Я привалилась к стене и уснула сидя. Разбудило меня жуткое ощущение: какой-то человек навел на меня автомат. Я инстинктивно встала. Махнув автоматом, мужчина сделал знак следовать за ним. К выходу плелись и другие женщины. Едва мы вошли в старую пятиэтажку у амбара, он спустил штаны. Со всех сторон послышались крики. В течение ночи в комнату приходили еще двое. Я вернулась в амбар, когда рассвело. Снова привезли огромное количество еды. Я начала есть, но меня вырвало. Тем не менее, я доела. Мы выстроились в колонну и отправились работать. После работы вернулись в амбар, и я, борясь со сном, поела. Так сменялись дни и ночи.
«Может, им промыли мозги?» – думала я, глядя на людей, которые без малейшего колебания нажимали на курок так, будто мухобойкой пришлепывали муху.
«Разве можно творить все это в трезвом рассудке?»
Я вспомнила, как папа и дяди стреляли в тех, кто на нас нападал.
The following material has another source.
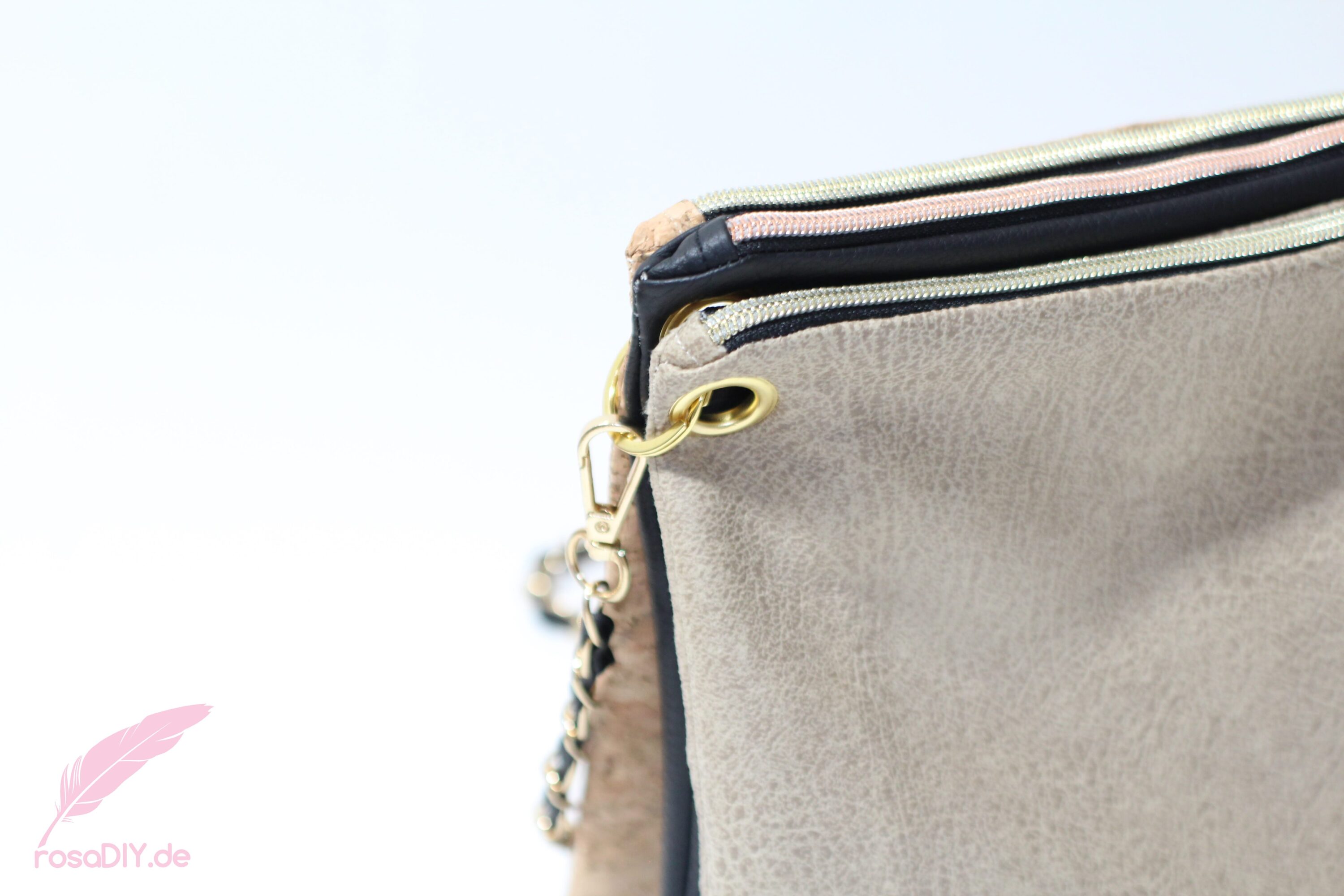 - Schlüsselringe in gold, 14 mm Ösen in gold für (falls du größere Ösen willst) und den Schulterriemen für jeweils von Amazon. (der Verkäufer hat übrigens noch viele andere schöne Schulterriemen)

Папа стрелял даже в безоружных. Если показательно пристрелить одного-двух человек, то остальные к нам уже не подходили. В такие моменты я закрывала глаза и отворачивалась. Затыкала уши. Я не ненавидела папу, но боялась его. Если бы не он, я бы, возможно, уже погибла. Поэтому я не могла упрекнуть его. Не могла спросить его, так ли нужно стрелять в безоружных. Где он сейчас? Он еще жив? Тетя перестала разговаривать. Мы были в одном помещении, но постепенно отдалились друг от друга. Она меня больше не узнавала.
Пока мы перебирали обломки, собирали арматуру, таскали камни, пока выкапывали песок в лесу и на реке и таскали мешки, пока набирали камни для строительства траншей и разравнивали цемент, я постепенно перестала думать. Воспоминания стерлись, а чувства притупились. Прошлое казалось сном, но и настоящее не походило на реальность. Люди не были похожи на людей, и я сама не чувствовала себя человеком. Поэтому приходилось оглядываться назад. Каждый раз, когда в голове происходила вспышка, и сознание прояснялось, я заставляла себя вспоминать, как Тори звала меня по имени, ее голос, ее мягкие щеки, глаза Мисо, мечты Кончжи, неистовое желание выжить. Вспоминая все это, я не могла не обещать себе:
Я ни за что здесь не умру.
В таком месте я не умру.
Пусть эти слова совершенно бессмысленны, забывать их нельзя. Я была обязана помнить их, как свое имя.
Однажды ночью, когда я без сил провалилась в сон, кто-то приставил к моей голове пистолет. Я открыла глаза: это был папа.
– Не было другого способа встретиться с тобой, – объяснил отец, как только мы зашли в квартиру. – Я знал, что ты жива! Ты ведь моя дочь!
У папы был румяный цвет лица. Он был чисто выбрит, подстрижен и одет в толстый свитер. Эти свитера – их носили люди, которые водили меня в квартиры.
– Я ведь говорил! Идет война! Война между вооруженными группировками. В одной России действует больше десяти таких группировок, а Европа и Средний Восток уже захвачены. Каждая организация разместила свои военные базы в крупных городах, и война будет только ожесточаться. Когда самая могущественная организация завладеет этой страной, она и станет новой Россией. А новая Россия поглотит Казахстан и Монголию. В первую очередь мы должны установить господство над теми, кто владеет ядерным оружием. Одних наших сил для этого недостаточно, но если объединимся с другими, то сможем, – с очевидным волнением папа выливал на меня потоки информации.
Это был не тот папа, который смотрел на меня пустым взглядом, когда мы расставались.
– Мы?
– Да, все, кто здесь сражается.
– А кто с кем сражается?
– Я ведь все объяснил! Тяжело, но придется немного потерпеть. Мы можем начать новую жизнь в этих землях.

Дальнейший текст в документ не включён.